TGF-β promotes tumor migration and invasion through EMT (24,25). The effect of FXR1 on the TGF-β-induced migration and invasion in HCC cells was thus next assessed. FXR1 knockdown cells transfected with the two different shRNAs consistently inhibited the migration and invasion of LM3 and Hep3B cells (Fig. 3C and D). Additionally, shRNA-induced FXR1 knockdown inhibited the TGF-β-induced increase in HCC cell migration and invasion when compared with cells treated with TGF-β and transfected with shNC (Fig. 3C and D).

To validate the effect of FXR1 on apoptosis in HCC cells, two different shRNAs were used to knockdown FXR1 in Hep3B and LM3 cells, and apoptosis was assessed using flow cytometry. The results showed that FXR1 knockdown enhanced early apoptosis in HCC cells (Fig. 4A and B). Additionally, the knockdown of FXR1 inhibited the proliferation of HCC cells in the colony formation assay. These results were validated in both Hep3B and LM3 cells (Fig. 4C and D). These results suggest that knockdown of FXR1 inhibited the proliferation of HCC cells and promoted early apoptosis of HCC cells.

FXR1 overexpressing LM3 cell lines with or without SMAD2/3 knockdown were established. RT-qPCR was used to verify the knockdown efficiency of siSMAD2/3 (Fig. S1). The results showed that FXR1 overexpression enhanced LM3 cell invasion. Knockdown of SMAD2/3 inhibited the FXR1 overexpression-induced increase in the invasion of LM3 cells (Fig. 5B). The transfection efficiency of FXR1 and SMAD2/3 was verified using western blotting (Fig. 5A). The results of this experiment validated the role of SMAD2/3 in the FXR1-induced increase in HCC invasion.

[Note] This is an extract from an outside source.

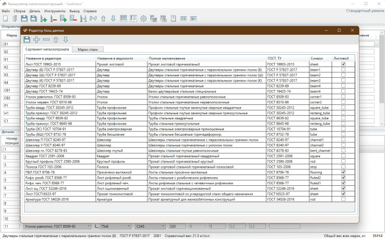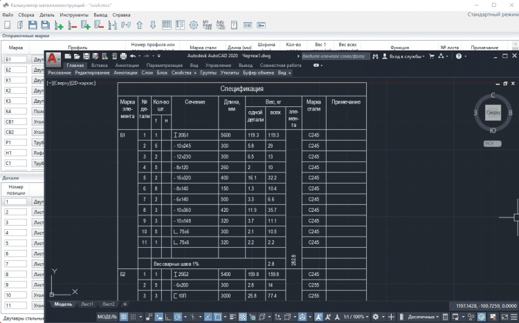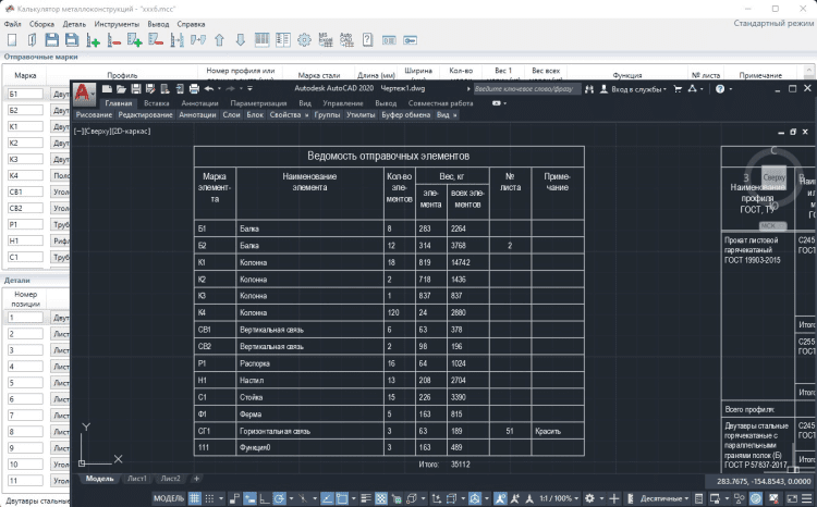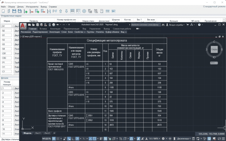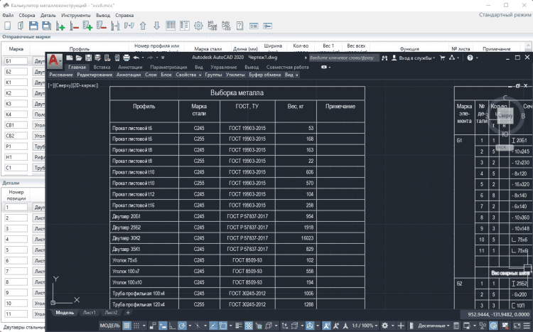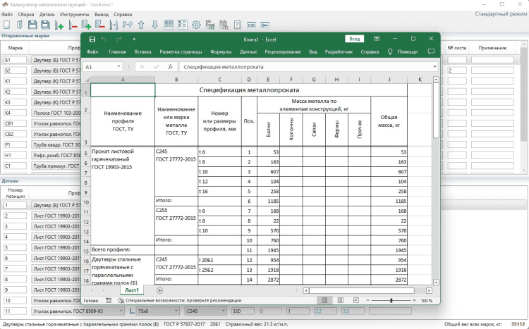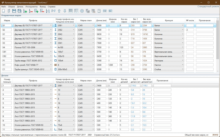 Программа "Калькулятор металлоконструкций" предназначена для подсчета количества металлопроката и создания ведомостей и спецификаций для проектной и рабочей документации металлических конструкций строительных объектов. Создавайте отправочные марки и детали, а затем выводите спецификации в формате Excel или AutoCAD. Есть возможность добавлять свои профили, марки стали, настраивать точность масс, учитывать наплавленный металл и многое другое.

To verify the role of FXR1 in vivo, mice were injected with shNC-transfected LM3 cells or shFXR1-transfected LM3 cells. By measuring the volume of the tumors every 2 days, the results showed that tumors grew slower in FXR1 knockdown cells (Fig. 6A and B). The average diameter of the NC tumors was 14.5 mm (range, 12.66-16.84 mm) and the mean diameter of the shFXR1 tumors was 11.9 mm (range, 9.15-14.70 mm); the difference was statistically significant. The expression of Ki67 in the tumors was assessed using immunohistochemistry, which showed a significant decrease in Ki67 expression in the tumors after FXR1 knockdown (Fig. 6C and D). These data indicate that FXR1 knockdown inhibits HCC proliferation in vivo.